Chinese professor sheds light on meeting between Mao and Kim Il-sung

Posted on : 2016-09-02 17:09 KST Modified on : 2019-10-19 20:29 KST
Mao balked at Kim’s aim to emulate the success of Ho Chi Minh and reunify Korean Peninsula
Chinese President Mao Zedong (left) and North Korean leader Kim Il-sung share a warm handshake at Mao's home in Beijing’s Zhongnanhai garden on April 18
Chinese President Mao Zedong (left) and North Korean leader Kim Il-sung share a warm handshake at Mao's home in Beijing’s Zhongnanhai garden on April 18

The image was captured at the home of Chinese President Mao Zedong in Beijing’s Zhongnanhai garden on April 18, 1975. In it, the elderly Mao and North Korean leader Kim Il-sung could be seen smiling broadly and sharing a warm handshake. But the content of their last conversation remained a mystery that had never been made public in detail before.Now East China Normal University professor Shen Zhihua has unearthed information that could give a definitive answer that question, which he shares in his new book “The Last Heavenly Dynasty: China and North Korea in the Age of Mao Zedong and Kim Il-sung,” the Mainichi Shimbun, Asahi Shimbun and other Japanese newspapers reported on Sept. 1.
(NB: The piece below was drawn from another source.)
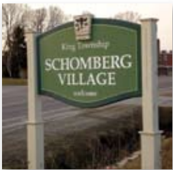
Welcome to Schomberg

Welcome to Schomberg, a community of approximately 2,500 residents, located in the northwest quadrant of the Township. Schomberg enjoys a diverse, balanced economy and lifestyle in a quaint village setting, steeped in tradition. To promote the quaint village atmosphere, local community groups work together in organizing a variety of events held throughout the year.

The meeting between Mao and Kim came at a moment of upheaval, when Ho Chi Minh had scored a decisive victory against the US in Vietnam and the Communist regime of Pol Pot was bringing down a pro-American government in nearby Cambodia.

“[The Vietnamese’s] victory is like our victory,” Kim said of the developments, attempting to communicate to Mao that he wanted to achieve a similar kind of unification by armed force on the Korean Peninsula. But Mao, who had opened the way for detente with the US following a historical 1972 visit to China by then-US President Richard Nixon, continued to sidestep the topic.

“I don’t want to discuss political matters anymore,” he finally said. The dialogue ended on a cool note after 30 minutes.

“Kim did not say at the meeting that he wanted a second Korean War, but he did address the issue within the Workers’ Party of Korea prior to his China visit,” Shen said in an interview with the Mainichi Shimbun. “It’s clear that he did think about it.”

The description of events suggested the talks ended in failure, with Mao responding coolly to Kim’s continued dreams of armed reunification.

“There has been speculation that China declined to offer support in 1975 for the armed reunification that North Korea wanted, but no specifics had ever come to light,” said Korean Peninsula expert and Keio University emeritus professor Masao Okonogi in an interview with the Mainichi Shimbun. “Kim must have come away [from the talks] with a real sense that China wouldn’t help them when it counted.”

The analysis suggests the result led to Pyongyang parting ways with Beijing for an autonomous national defense approach, which led in time to the ongoing issue of North Korea’s nuclear program.